Migrants : "pas nés au bon endroit"

24 Novembre 2021

Pendant que deux mille personnes grelottent encore à la frontière est de l’Europe, la situation des réfugiés sur la côte nord-ouest de la France n’est pas plus acceptable.

Les autorités annonçaient il y a peu avoir démantelé une filière de passeurs et arrêté quinze trafiquants qui, paraît-il, faisaient payer jusqu’à 6 000 euros aux réfugiés tentant de franchir la Manche vers l’Angleterre. Dans le même temps, le ministre de l’Intérieur se vantait de « sécuriser davantage le littoral » par la livraison à ses troupes de plus de cent véhicules adaptés à la lutte contre l’immigration clandestine, Quads, 4X4, Zodiacs, mais aussi caméras thermiques, projecteurs dits d’éclairage tactique… et « effets d’habillements » dont on n’ose même pas espérer qu’ils soient destinés aux migrants victimes de naufrage dans les eaux glacées.

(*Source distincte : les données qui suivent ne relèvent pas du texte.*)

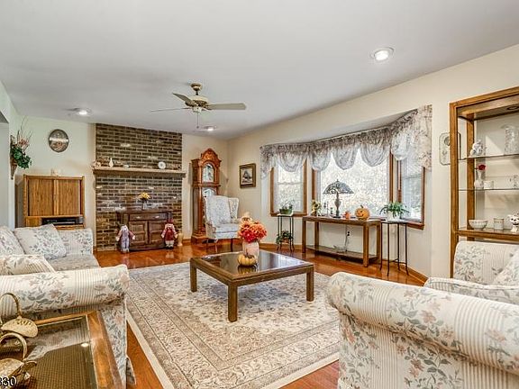 Covered front porch leads to foyer entry of this 4 bedroom home situated on an almost 2 acre lot. Living room has a bay window, brick wall with mantle and opens to a formal dining room with French door that leads to the family room. Family room with vaulted ceiling features a free-standing wood-burning stove, spiral stairs to the ground floor and access to large rear deck with spiral staircase that overlooks a private fenced yard. Features recessed lighting, ceiling fans throughout, hardwood floors, carpeting in the rec room, family room and bedrooms, tiled kitchen and updated baths. Eat-in kitchen with granite counters, tiled backsplash and stainless steel appliances. Master suite features a walk-in closet and updated bath with granite vanity & frameless shower. Two additional bedrooms and updated main bath with tub/shower complete the first level. The ground level has a rec room with slider to rear patio, laundry room, storage room, utility room, 4th bedroom (3 bedroom septic town-verified) and full bath that features granite vanity and frameless shower. Direct entry to 2-car built-in garage. Private, fenced-in level yard with wooded backdrop. Great home that is move in ready and situated in a convenient location.

Ce n’est pas à un mur que se heurtent ceux qui tentent la dangereuse traversée, mais c’est tout comme. Les sauveteurs dunkerquois de la Société nationale de sauvetage en mer, la SNSM, ont dû cette année sortir leur canot 45 fois soit près de trois fois plus souvent qu’en 2020. Ils ont calculé que, récemment, en une seule nuit, 272 personnes ont été secourues, tous moyens confondus, tandis que plus de mille autres auraient réussi à gagner la côte britannique.

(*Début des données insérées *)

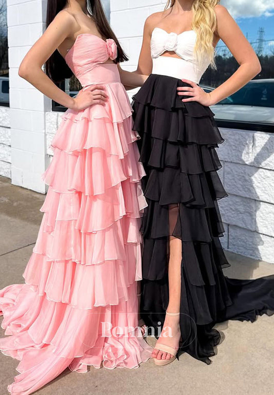 A-Line Sleeveless Strapless Prom Dress with Slit Ruffles Evening Party Dress

Mais les bénévoles de la SNSM n’ont pu que réchauffer voire confier ces réfugiés aux secours, pour les voir s’éloigner avant de retenter la traversée. Selon un récent rapport d’une commission parlementaire, menée par le député Sébastien Nadot, ils ne sont en effet que 200 000 environ, soit 0,3 % de la population du pays, à obtenir en France un premier titre de séjour, qui ne leur donne que quelques maigres droits. Le délai de carence est de trois mois avant d’accéder aux soins, six mois avant d’avoir le droit de travailler officiellement. La commission fait état notamment d’une diminution importante des visas accordés, afin de contraindre les pays de départ à les accepter de nouveau, de mises en rétention administrative d’enfants parce que migrants, d’une augmentation des frais d’inscription à l’université pour les étudiants étrangers, et pour résumer d’une gestion purement policière de l’immigration par le seul ministère de Darmanin.

Comme le remarquait tristement une bénévole de la SNSM de Dunkerque, « il y a des gens qui sont nés au bon endroit ». D’autres, non.